Saxophonist and composer Steve Lehman continues to break down musical boundaries on his new octet release, Travail, Transformation, and Flow, on PI recordings.
Lehman's new work uses a compositional concept called spectral harmony, a concept trail blazed by experimental composer Tristan Murail. Spectral harmony bases its musical structure on overtones, using computer spectral analysis to chart sonic relationships.
PI recordings calls this release “...the first fully realized exploration of spectral harmony in the history of recorded jazz.” In fact, this release shares many of the characteristics of another Steve Lehman release also on PI Recordings, Damian as Posthuman.

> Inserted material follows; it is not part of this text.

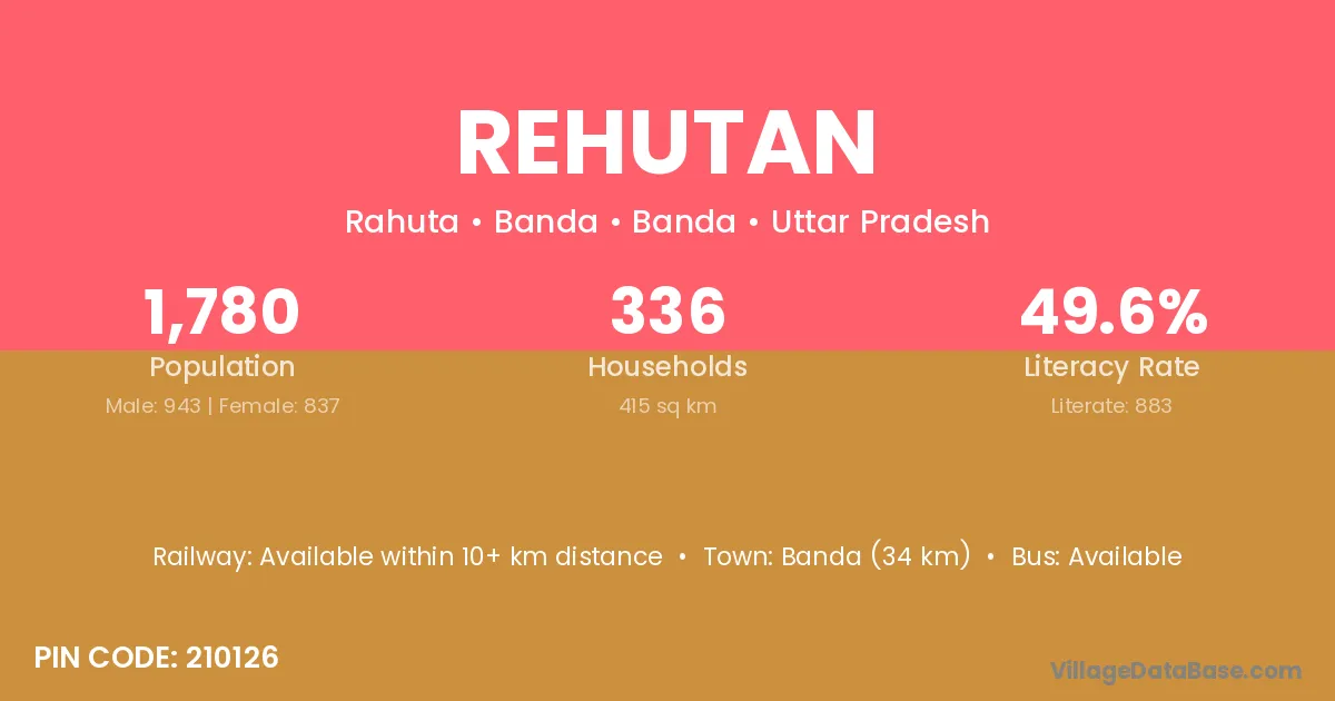 Banda (34 km) is the nearest town to Rehutan village for major economic activities and is located approximately 34 km away.

The music on the disk is one part free jazz and one part DJ culture floating in a rich wash of tonal experimentation. Tyshawn Sorey delivers a barrage of club influenced beats over which Steve Lehman and the other members of the octet (Mark Shim on tenor saxophone, Drew Gress on bass, Jonathan Finlaysonon trumpet, Jose Davila on tuba, Tim Albright on trombone, and Chris Dingman on vibraphone) deliver jazz that is organic and funky, amid diaphanous compositional structures that are often based on one single repeated note. Whether this innovative music will be influential or not remains to be seen. For all the potential it has for opening doors, it sometimes seems to close just as many; it's hard to see how the subtle tonal interplay that is successfully produced here could be achieved with a more complex compositional approach.